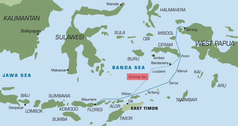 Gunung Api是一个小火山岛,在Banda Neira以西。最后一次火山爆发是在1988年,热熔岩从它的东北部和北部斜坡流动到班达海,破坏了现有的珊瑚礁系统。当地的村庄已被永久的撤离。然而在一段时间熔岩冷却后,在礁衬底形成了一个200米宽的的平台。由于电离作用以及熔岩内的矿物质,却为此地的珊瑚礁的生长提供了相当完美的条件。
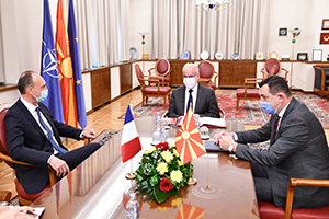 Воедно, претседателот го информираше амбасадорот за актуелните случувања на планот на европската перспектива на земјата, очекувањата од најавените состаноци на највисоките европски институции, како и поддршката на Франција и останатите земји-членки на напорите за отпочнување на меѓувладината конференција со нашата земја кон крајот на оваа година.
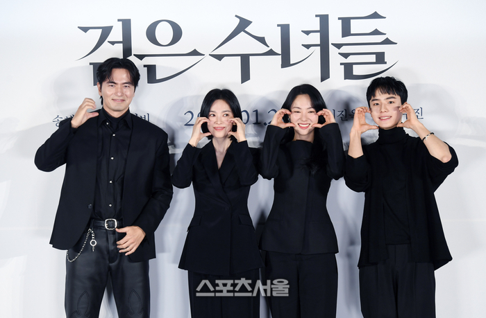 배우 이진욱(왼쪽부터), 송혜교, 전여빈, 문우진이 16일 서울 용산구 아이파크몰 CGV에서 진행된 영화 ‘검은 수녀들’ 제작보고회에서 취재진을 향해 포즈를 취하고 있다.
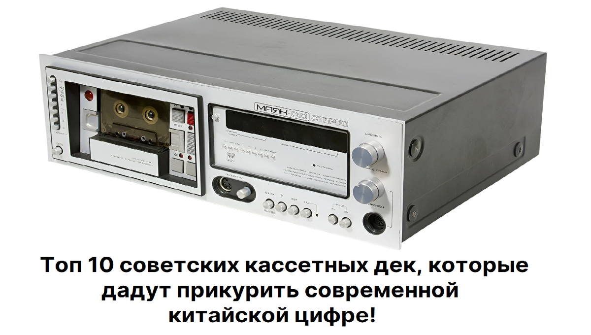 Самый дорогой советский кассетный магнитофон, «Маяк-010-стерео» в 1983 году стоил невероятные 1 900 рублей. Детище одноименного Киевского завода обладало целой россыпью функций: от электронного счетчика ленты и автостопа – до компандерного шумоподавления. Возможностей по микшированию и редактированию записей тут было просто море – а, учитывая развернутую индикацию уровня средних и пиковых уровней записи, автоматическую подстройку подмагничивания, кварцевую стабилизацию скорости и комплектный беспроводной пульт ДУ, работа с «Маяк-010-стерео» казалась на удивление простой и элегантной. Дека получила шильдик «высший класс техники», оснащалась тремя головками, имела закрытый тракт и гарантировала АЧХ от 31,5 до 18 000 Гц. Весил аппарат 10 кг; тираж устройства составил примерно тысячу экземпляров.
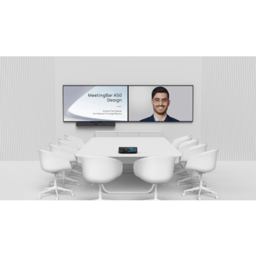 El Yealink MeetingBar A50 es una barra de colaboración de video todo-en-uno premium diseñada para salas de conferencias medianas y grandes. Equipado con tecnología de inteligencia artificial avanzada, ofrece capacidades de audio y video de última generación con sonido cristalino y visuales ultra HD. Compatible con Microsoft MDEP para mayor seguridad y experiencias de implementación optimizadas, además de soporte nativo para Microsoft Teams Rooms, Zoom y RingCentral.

* WORK INSTRUCTIONS
Here the job is to print the data above exactly, except for any pictures.

* SOLUTION
 Gunung Api是一个小火山岛,在Banda Neira以西。最后一次火山爆发是在1988年,热熔岩从它的东北部和北部斜坡流动到班达海,破坏了现有的珊瑚礁系统。当地的村庄已被永久的撤离。然而在一段时间熔岩冷却后,在礁衬底形成了一个200米宽的的平台。由于电离作用以及熔岩内的矿物质,却为此地的珊瑚礁的生长提供了相当完美的条件。
 Воедно, претседателот го информираше амбасадорот за актуелните случувања на планот на европската перспектива на земјата, очекувањата од најавените состаноци на највисоките европски институции, како и поддршката на Франција и останатите земји-членки на напорите за отпочнување на меѓувладината конференција со нашата земја кон крајот на оваа година.
 배우 이진욱(왼쪽부터), 송혜교, 전여빈, 문우진이 16일 서울 용산구 아이파크몰 CGV에서 진행된 영화 ‘검은 수녀들’ 제작보고회에서 취재진을 향해 포즈를 취하고 있다.
 Самый дорогой советский кассетный магнитофон, «Маяк-010-стерео» в 1983 году стоил невероятные 1 900 рублей. Детище одноименного Киевского завода обладало целой россыпью функций: от электронного счетчика ленты и автостопа – до компандерного шумоподавления. Возможностей по микшированию и редактированию записей тут было просто море – а, учитывая развернутую индикацию уровня средних и пиковых уровней записи, автоматическую подстройку подмагничивания, кварцевую стабилизацию скорости и комплектный беспроводной пульт ДУ, работа с «Маяк-010-стерео» казалась на удивление простой и элегантной. Дека получила шильдик «высший класс техники», оснащалась тремя головками, имела закрытый тракт и гарантировала АЧХ от 31,5 до 18 000 Гц. Весил аппарат 10 кг; тираж устройства составил примерно тысячу экземпляров.
 El Yealink MeetingBar A50 es una barra de colaboración de video todo-en-uno premium diseñada para salas de conferencias medianas y grandes. Equipado con tecnología de inteligencia artificial avanzada, ofrece capacidades de audio y video de última generación con sonido cristalino y visuales ultra HD. Compatible con Microsoft MDEP para mayor seguridad y experiencias de implementación optimizadas, además de soporte nativo para Microsoft Teams Rooms, Zoom y RingCentral.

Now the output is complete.